As an example of the utility of our approach, we quantified and compared the direct and indirect effects of three hurricanes in Puerto Rico: Hurricane Maria in 2017, Hurricane Georges in 1998, and Hurricane Hugo in 1989. To assess if indirect effects are worse in Puerto Rico, we estimated and compared the impact of hurricanes in three other US jurisdictions: Hurricane Irma in Florida in 2017, Hurricane Sandy in New Jersey in 2012, and Hurricane Katrina in Louisiana in 2005 (Table 1, Figure 2 and eFigure 9). Since age-stratified data was available for Puerto Rico, we fit model (1) to each age group. Then, we aggregated the age group-specific effects to obtain the marginal effect of each hurricane (see eAppendix for details).

Table 1:

Comparison of direct and indirect effects for six hurricanes. The first column shows the hurricane name and category. The second column shows the jurisdiction for which we obtained data. The third column is the date the hurricane made landfall. The fourth column is our estimate of the percent change in mortality rate the day after landfall including a 95% confidence interval. The fifth column is our estimate for the duration of indirect effects in days. The sixth column shows the excess mortality estimate and a 95% confidence interval for the period defined by column five. CI indicates confidence interval.

Hurricane
(Category)
Jurisdiction Landfall
date
Percent
increase on
landfall (CI)
Indirect
effect
duration (days)
Excess
death
estimate (CI)

Hugo (3) Puerto Rico Sep. 18, 1989 16 (4 to 27) 12 94 (24 to 163)
Georges (3) Puerto Rico Sep. 21, 1998 37 (25 to 49) 90 1,300 (1,040 to 1,550)
Maria (5) Puerto Rico Sep. 20, 2017 74 (60 to 88) 197 3,280 (2,890 to 3,670)
Katrina (5) Louisiana Aug. 29, 2005 718 (704 to 732) 109a 1,570 (1,300 to 1,830)a
Sandy (4) New Jersey Oct. 29, 2012 12 (3 to 22) 12 195 (48 to 342)
Irma (5) Florida Sep. 10, 2017 6 (1 to 10) 48 1,280 (790 to 1,760)
a

The reported period for Katrina included 17 days with 0 in the fˆ(t) 95% confidence interval.

Figure 2:

Figure 2:

Estimated hurricane effects. A) Percent increase over expected mortality for the six hurricanes. B) Cumulative excess deaths for the 365 days after landfall for Hurricanes Maria, Georges, and Katrina, the three hurricanes with indirect effects lasting over two months. The data points correspond to the cumulative excess death estimate for the period of indirect effect presented in Table 1.

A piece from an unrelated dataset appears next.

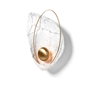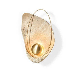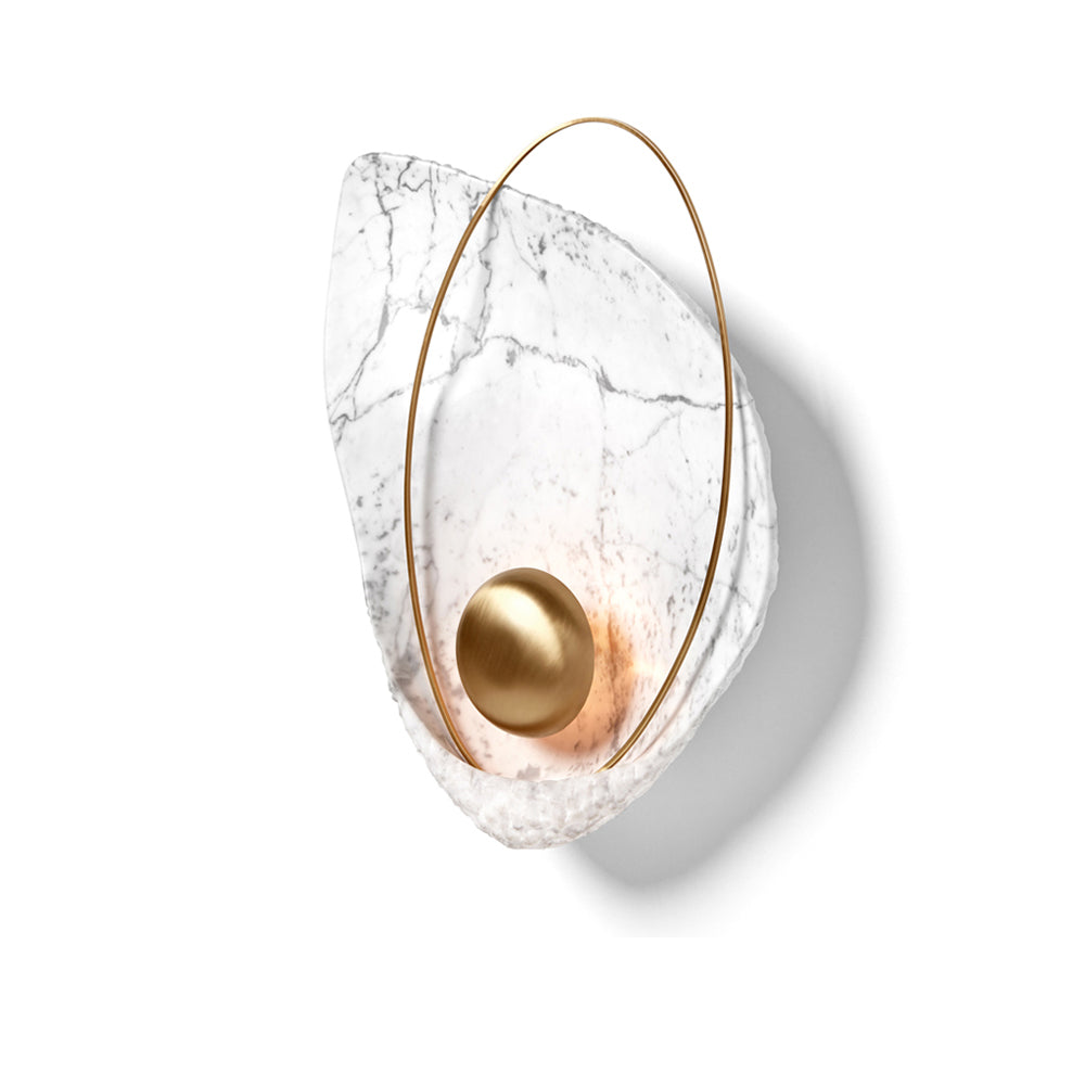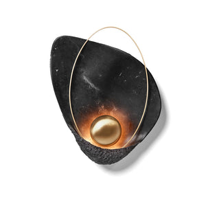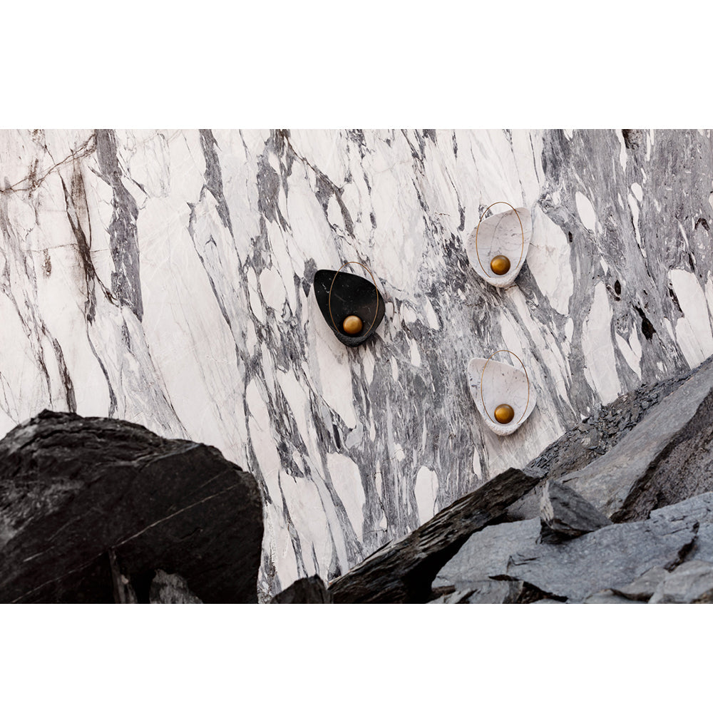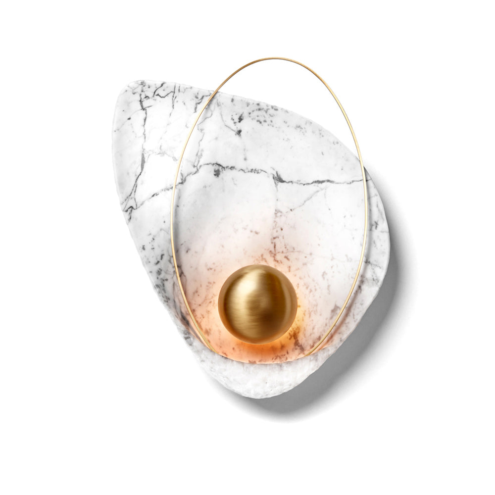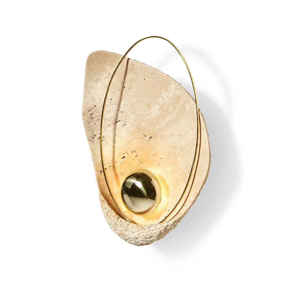 The Pearl Wall Lamp is a poetic handcrafted tribute to Nature’s mysterious ways. The piece, made in marble and metal, represents one of its quintessential attributes – serendipity. The magnificence of pearls, when produced naturally by oysters, is as breathtaking and it is exquisitely rare. The Pearl Wall Lamp’s marble shape is carved by hand, making each piece, much like a natural pearl, an absolutely unique sculpture.

For Hurricane Maria in Puerto Rico, we found an increase in mortality of 74% (95% CI: 60% to 88%) on landfall and over 3,000 excess deaths in the subsequent months. These findings confirm previously reported results that the effects of hurricane Maria on Puerto Rico were unprecedented[3, 20]. For Georges, we found a similar yet less severe pattern to Maria. Specifically, we estimated an increase in mortality of 37% (95% CI: 25% to 49%) and over a thousand excess deaths in the three months after the storm. Conversely, the effects of Katrina on Louisiana were much more direct. On August 29, 2005, the day the levees broke, there were 834 deaths (data point not included in Figure 2A nor in eFigure 9E), which translates into a 718% (95% CI: 704% to 732%) increase in death rate. However, the increase in mortality rate for the ensuing months was substantially lower than in Puerto Rico after Maria and Georges (eFigure 9). The effects of Sandy on New Jersey and Irma on Florida were much less severe. For example, we estimated over 1,200 excess deaths in Florida after Irma which is on par with the excess death estimates associated with Hurricanes Georges and Katrina. However, note that the population of Florida is seven and five times larger than that of Puerto Rico and Louisiana, respectively. Furthermore, for both Florida and New Jersey, we see a second period of increase in mortality from December to March after each storm, respectively. These periods are consistent with the particularly bad Flu seasons of 2012 and 2018 (eFigure 9). We, therefore, do not include those periods as affected by the hurricane.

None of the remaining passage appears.